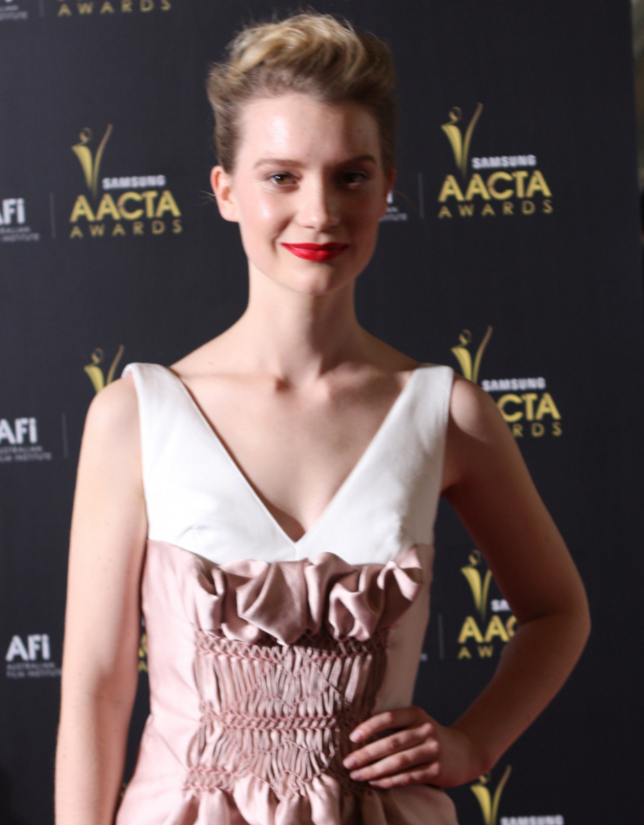 Mia Wasikowska at the Samsung AACTA Awards 2012 in Sydney, Australia.
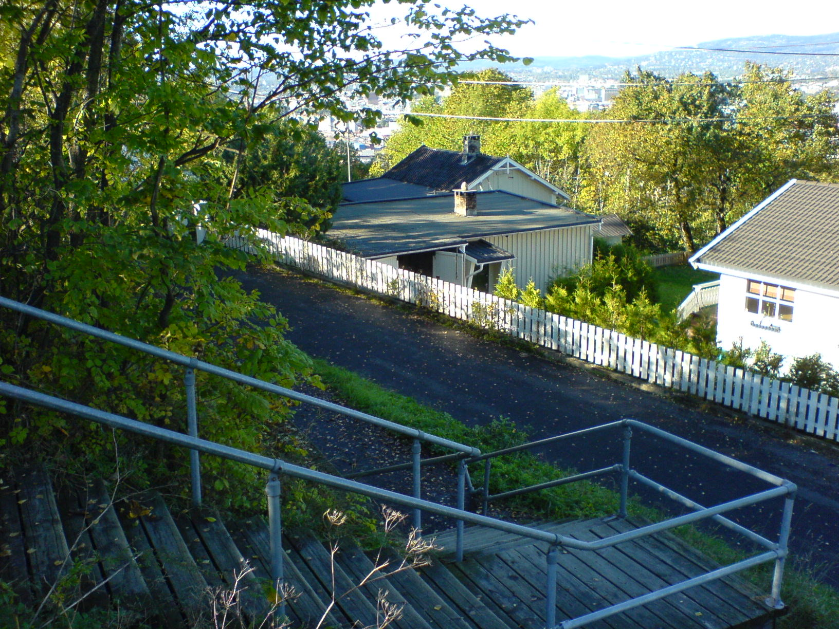 The Street Ekebergstien located in Norway in the Capital Oslo (Nordstrand/Ekeberg).
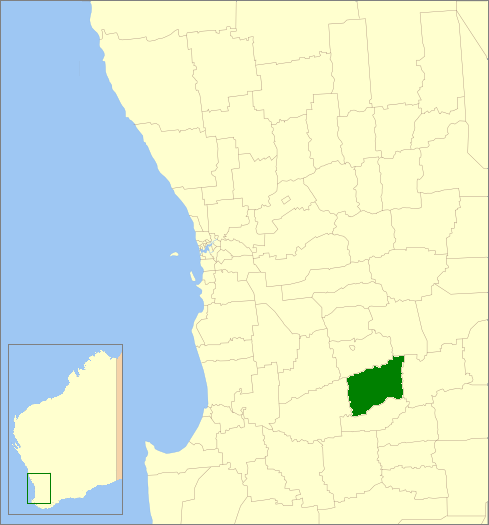 Description=Location of the Local Government Area in Western Australia
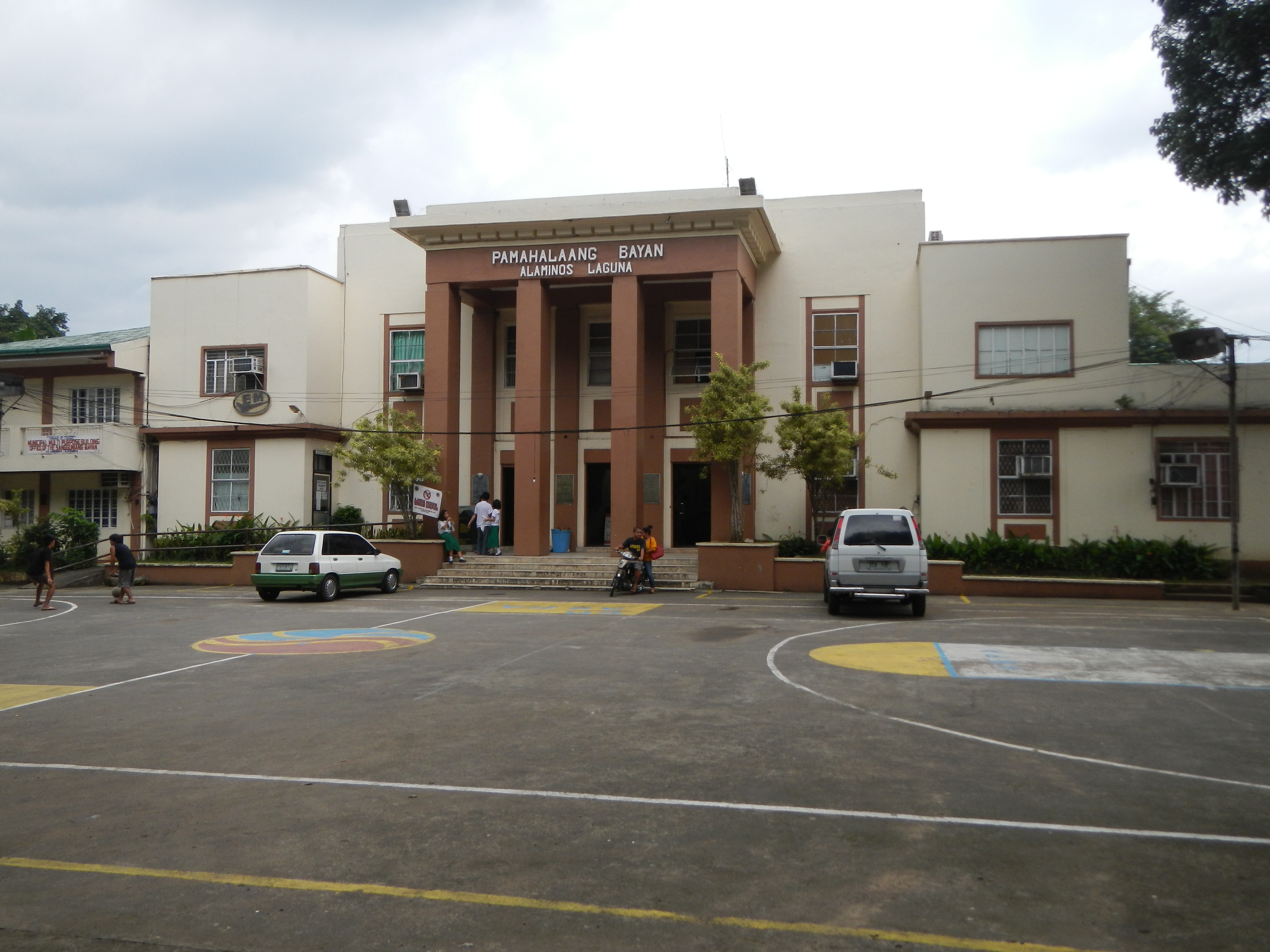 Alaminos Municipal Hall, Plaza, Legislative Building, Municipal Trial Court and other Municipal Office, etc. [1] Coordinates: 14°3'55"N 121°14'48"E [2] -- of Alaminos, Laguna[3] 2013 Election Results [4] [5]Website] Eladio M. Magampon Municipal Mayor Demetrio P. Hernandez Jr. Municipal Vice-Mayor Land Area: 5,473 has. Alaminos is a third class municipality in the province of Laguna, [6] Philippines. According to the latest census, it has a population of 40,380 people in 7,466 households. It has a land area of 21.11 square miles (54.7 km2) and is situated 48.5 miles (78.1 km) southeast of Manila. [7] Coordinates: 14°2'31"N 121°14'50"E [8] Geographical location: Laguna, Region 4, Philippines, Asia Geographical coordinates: 14° 3' 46" North, 121° 14' 53" East This place is situated in Laguna, Region 4, Philippines, its geographical coordinates are 14° 3' 46" North, 121° 14' 53" East and its original name (with diacritics) is Alaminos.
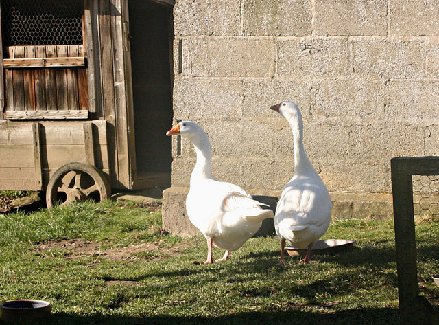 Geese, near Langridge Geese were much prized by the Romans as watchdogs. These two were remarkably friendly, they didn't even hiss, just gave me a dirty look. Probably because I didn't stay long enough.
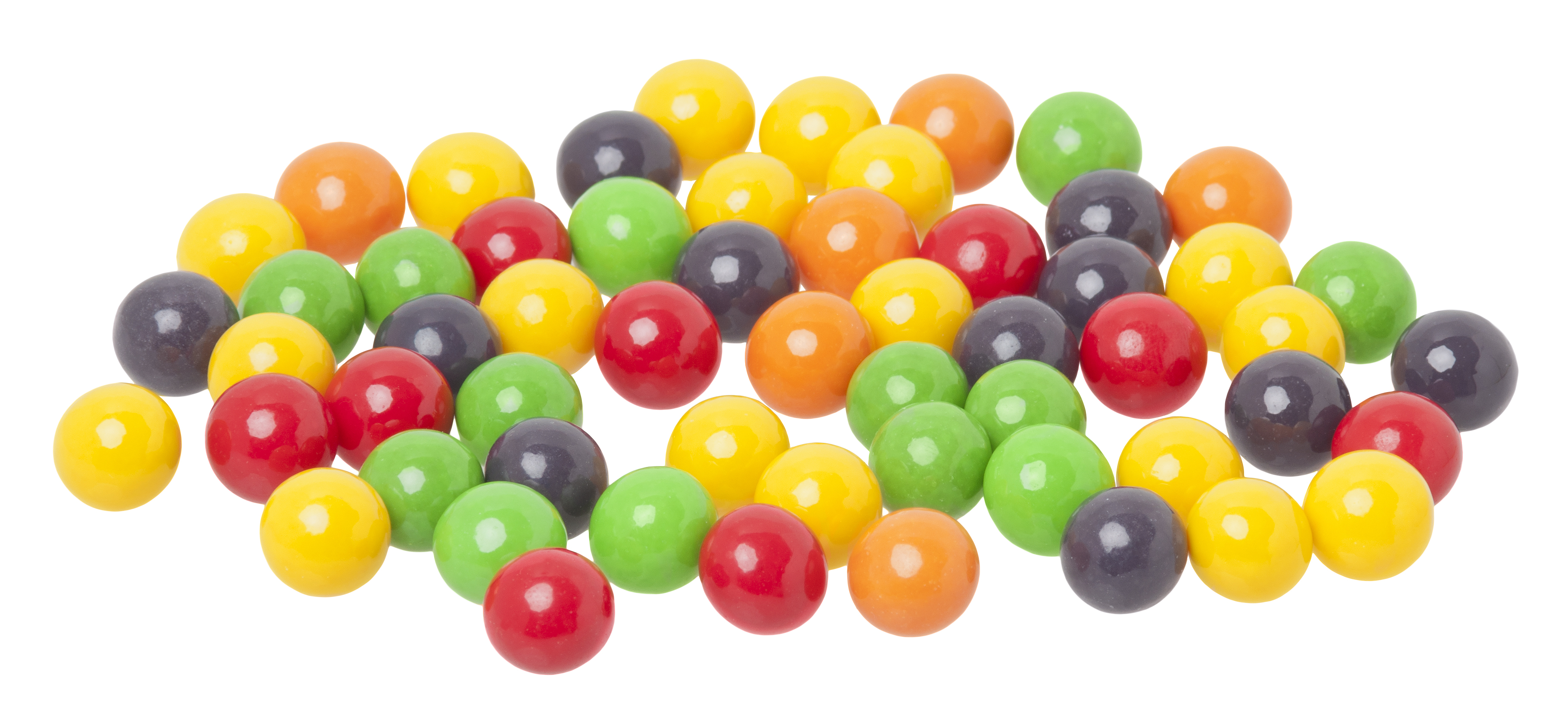 Everlasting Gobstoppers candy made by Willy Wonka.
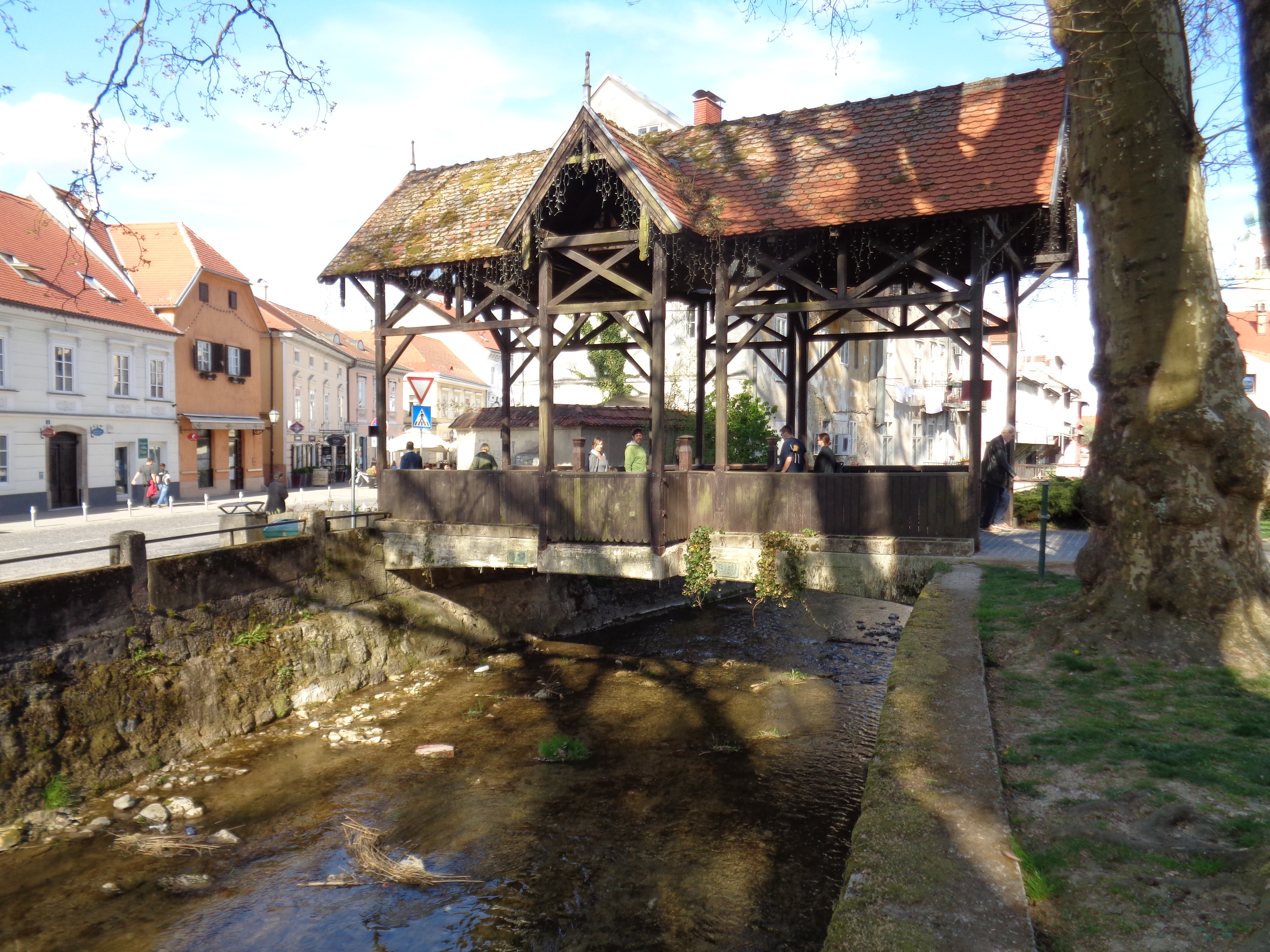 Old bridge over the Gradna river in Samobor, Zagreb County, Croatia
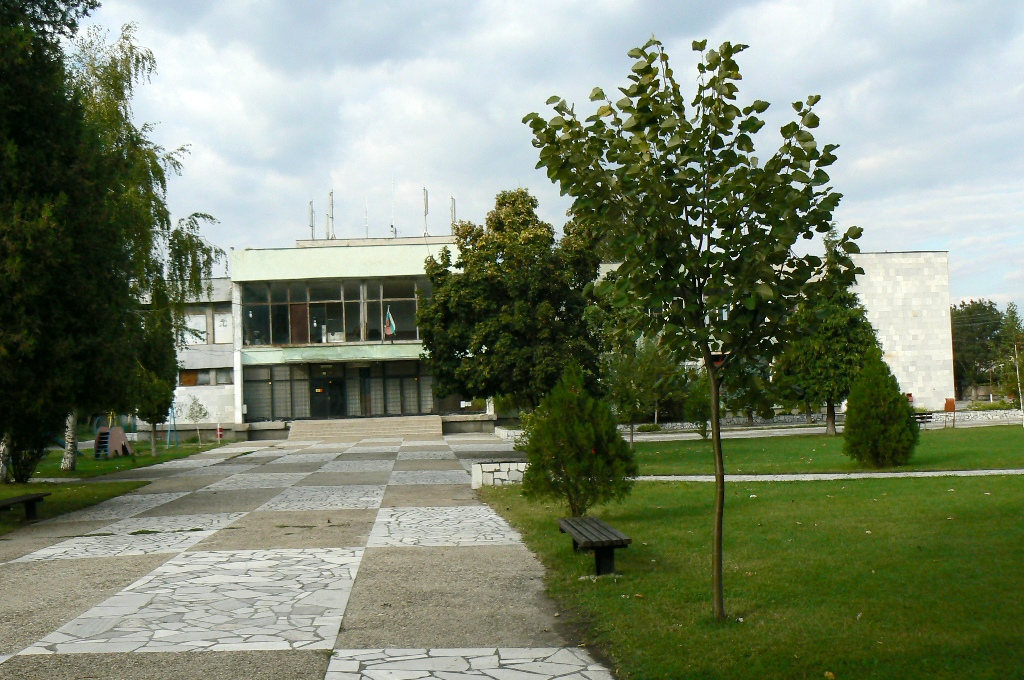 The mayors' office in village Ognyanovo (district Pazardjik)
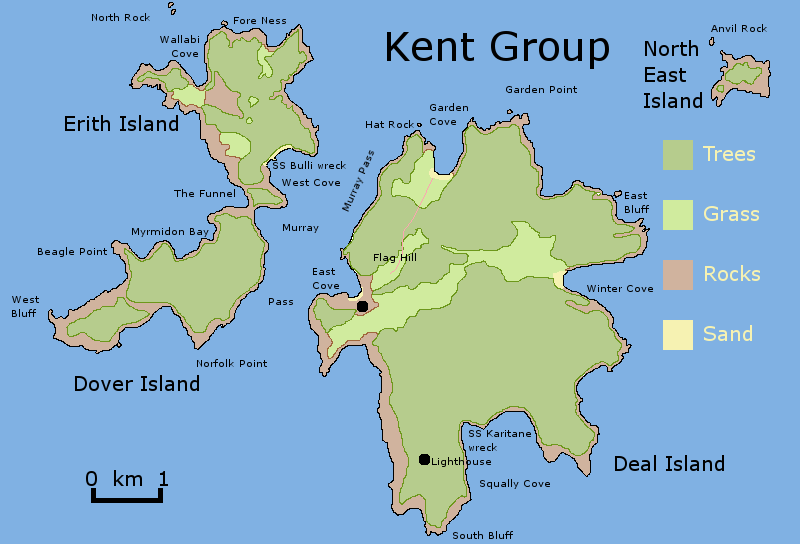 Map of the Kent Group of Islands in Bass Strait Tasmania showing vegetation
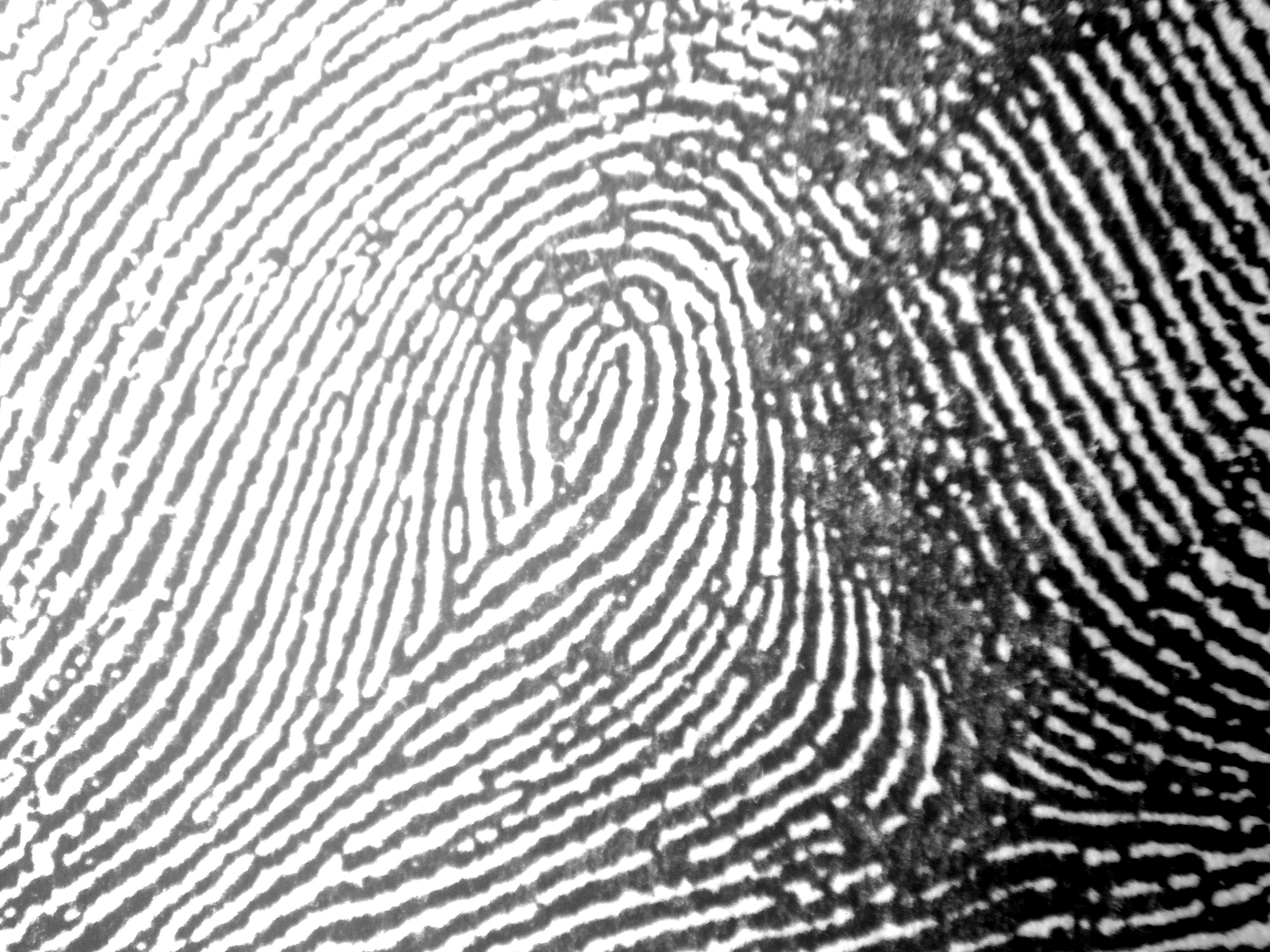 Central Pocket Loop Whorl
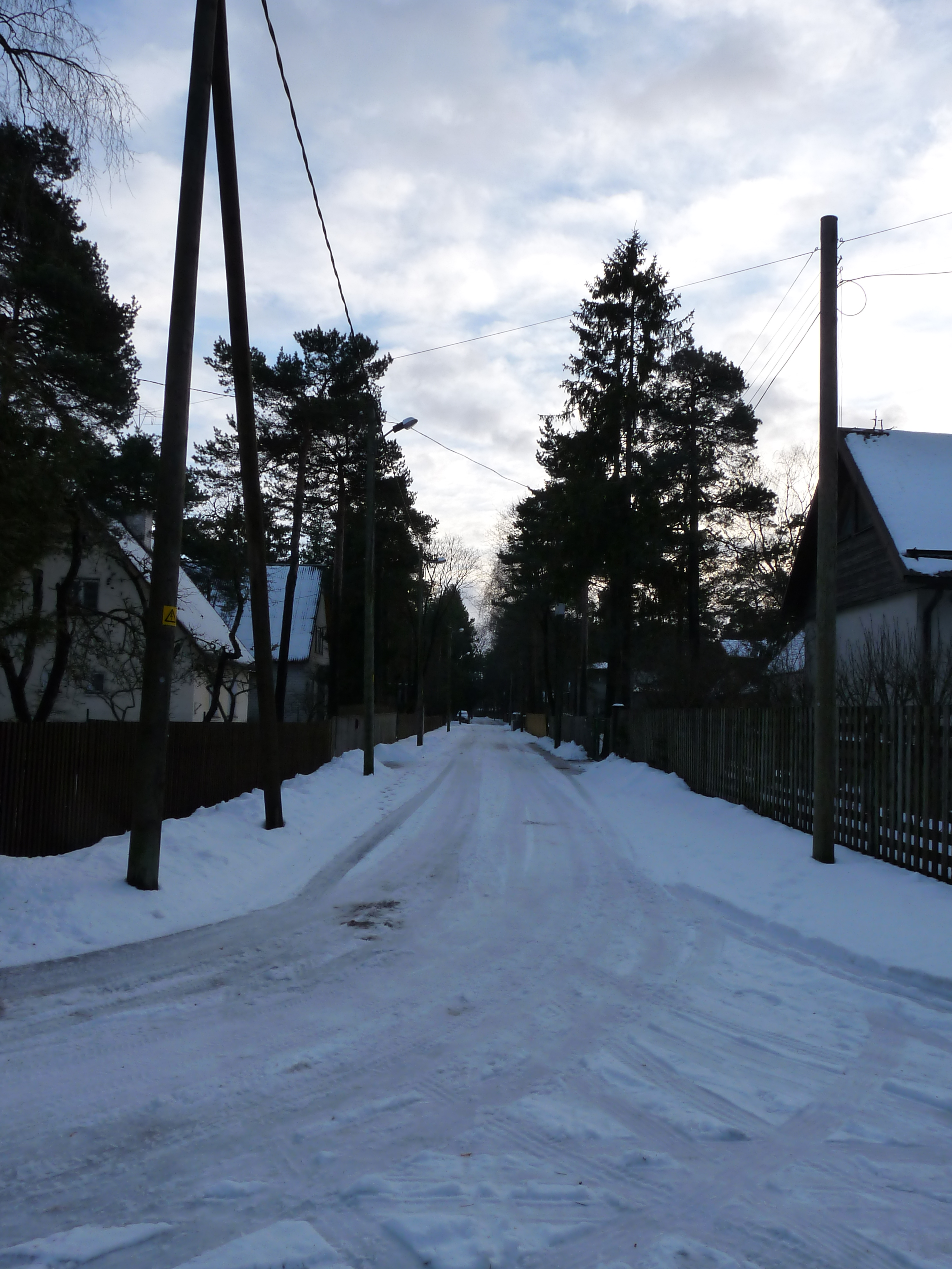 Sinilille strees in Tallinn, Estonia

- - - - - - -

What is needed:
While leaving pictures out, reproduce exactly the lines from the beginning of the listing above through the line containing "Description=Location of the", both ends included.

Output:
 Mia Wasikowska at the Samsung AACTA Awards 2012 in Sydney, Australia.
 The Street Ekebergstien located in Norway in the Capital Oslo (Nordstrand/Ekeberg).
 Description=Location of the Local Government Area in Western Australia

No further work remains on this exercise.